On Feb. 1, 2013, a woman from AEP did call Hawk and asked about her concerns with the new meter. Again, Hawk explained the problem with the radio signals and her pacemaker. The company rep reportedly told her that it was as harmless as a microwave oven. Hawk cannot have a microwave oven in her home because of the problems it creates for her pacemaker. That phone call ended with the AEP representative announcing that the new meter would be installed next week or the power would be cut.

On Friday, February 8, two trucks from the power company and a sheriff's patrol car drove onto Hawk's property, uninvited. She informed them that they did not have an easement and therefore did not have access to the property and she intended to deny them access. Her question to the Allentown Sheriff was a simple one.

"Are you here to protect my property rights?"

Hawk said that his response was shocking.

"No," said the sheriff, "I'm here to protect AEP - You'll either have the meter or we'll turn your power off."

Hawk asked the officer and the power company reps how they could turn off the power to a home in the winter when it directly violates an Ohio law preventing elderly and disabled people from being without heat during winter months. They asked to be shown the law. Hawk quoted Ohio's public utility law Chapter 4933: COMPANIES - GAS; ELECTRIC; WATER; OTHERS.

Hawk surmised that this law only prevents shutting off the power of people who do not pay their utility bills. She claims to have never missed a payment and is currently not in arrears with the power company.

Within minutes, the power was disconnected and Hawk's home was without heat or water during one of the coldest weekends of the winter. Last night the temperature was in the mid-teens and the high temperatures for the weekend do not promise to get above 40 degrees.

As of Saturday afternoon, Hawk was trying to stay warm by a kerosene heater, but she worries about her horse, her chickens and the dog and cat that live with her. Without power, she is unable to draw water from her well, and her animals need water every day. She had a sleepless night because her breathing assistance equipment was useless without power. Her basement has also started filling with water, because her sump pump cannot work without electricity.

We tried to reach both Rep. Jordan's office and the emergency offices of AEP for comment. Jordan's D.C. office has no emergency contact number, just voice mail. And the AEP emergency operator referred us to the company's main offices, which were closed for the weekend.

A call to Governor John Kasich's office was returned and follow-up is expected soon. We will update this story as we get additional information.

Here is the video of Hawk telling her story to a member of the Ohio 9-12 Project.

This is not the first time that the subject of "smart meters" has appeared on The Blaze. Just last month, we brought you the story of Jennifer Stahl, a Naperville, Ill., woman who was arrested after refusing to allow a "smart meter" to be installed on her property.

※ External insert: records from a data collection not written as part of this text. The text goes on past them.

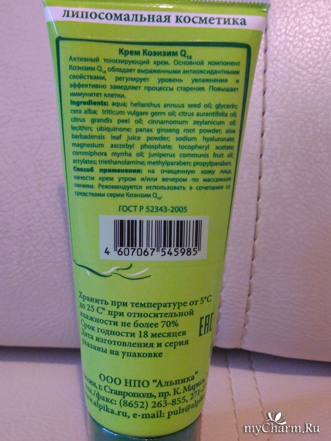 Крем «Коэнзим Q10» произведен в России, в городе Ставрополе. Отмечено, что средство изготовлено по ГОСТ. Из знаков сертификации на тюбике видим ЕАС. Срок годности крема – целых полтора года. Меня смутило то, что на тюбике не указано, сколько можно хранить этот крем после вскрытия. Производителю стоило бы это указать, по-моему. У меня самой кремы особо не задерживаются, конечно, но есть ведь люди, которые пользуются разными средствами.
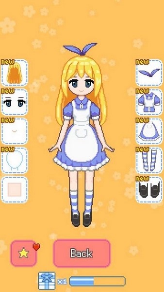 莫莫的盛装打扮是一款像素风格的换装类游戏,玩家可以在这里自由地为角色进行装扮上的搭配。游戏中有多达十个部位的元素可以选择搭配,其中五个是妆容部分,而另外五个则是服饰部分,能够形成无数种搭配。如果配出了自己特别喜欢的方案,那么我们也可以将该方案进行保存,这样以后无论是什么样子,都可以快速切换到该方案。
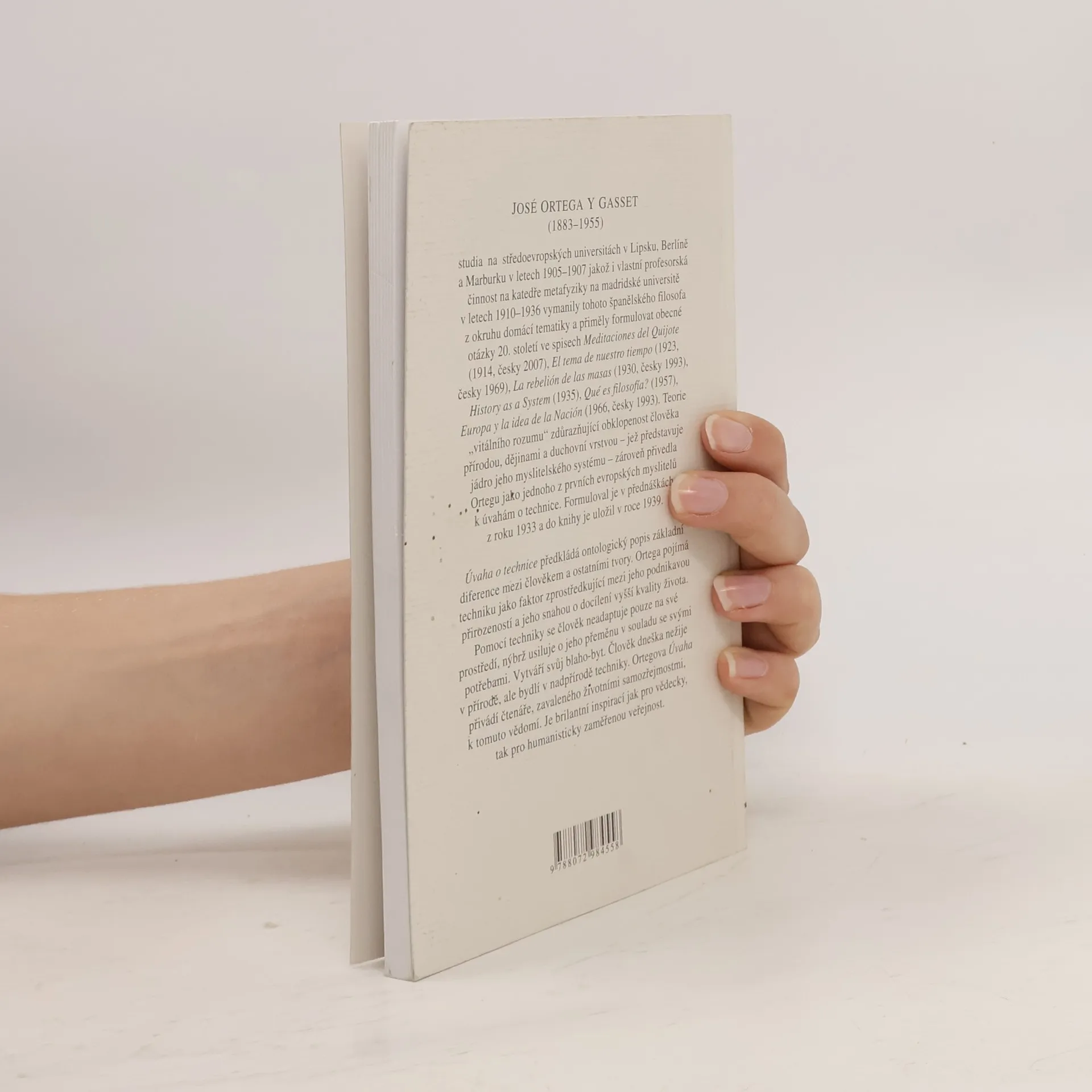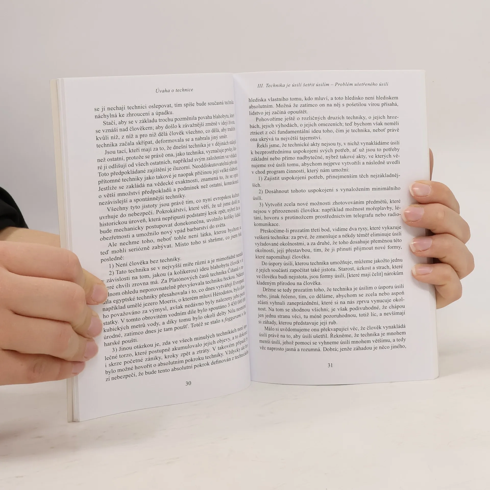Těžištěm svazku je přednáškový cyklus z roku 1933, ve kterém španělský filosof podnikl jeden z vůbec prvních pokusů o teoretické uchopení techniky a jejího vztahu k člověku. V dalších esejích se Ortega y Gasset vyjadřuje k pozdnímu Heideggerovi, s nímž se setkal na kolokviu v Darmstadtu, k filosofickému stylu, k architektuře či k teoretickým problémům fyziky. Přeložil M. Špína.

Last summer, another pacemaker patient had problems with the "smart meter" emitting radio frequency that interfered with his implant. Since the meter was removed, the problem has disappeared.

(H/T: The 912 Project)



Shortly after this story was posted, a representative from Governor John Kasich's office called TheBlaze asking for any additional background and contact information for Brenda Hawk.

Less than an hour after the first call from the governor's office, we were again contacted and told that "something should be done soon."

We are pleased to report that less than three hours after we reported on this story, a utility crew returned to Ms. Hawk's home and reestablished her electrical power. In a phone conversation with the very happy homeowner, we learned that many Blaze readers had also reached out and tried to help her by contacting various government agencies. Apparently, switchboards at the state Capitol and senior service agencies were flooded with calls on her behalf. Brenda very modestly asked that we thank everyone "who wasted their Saturday on me."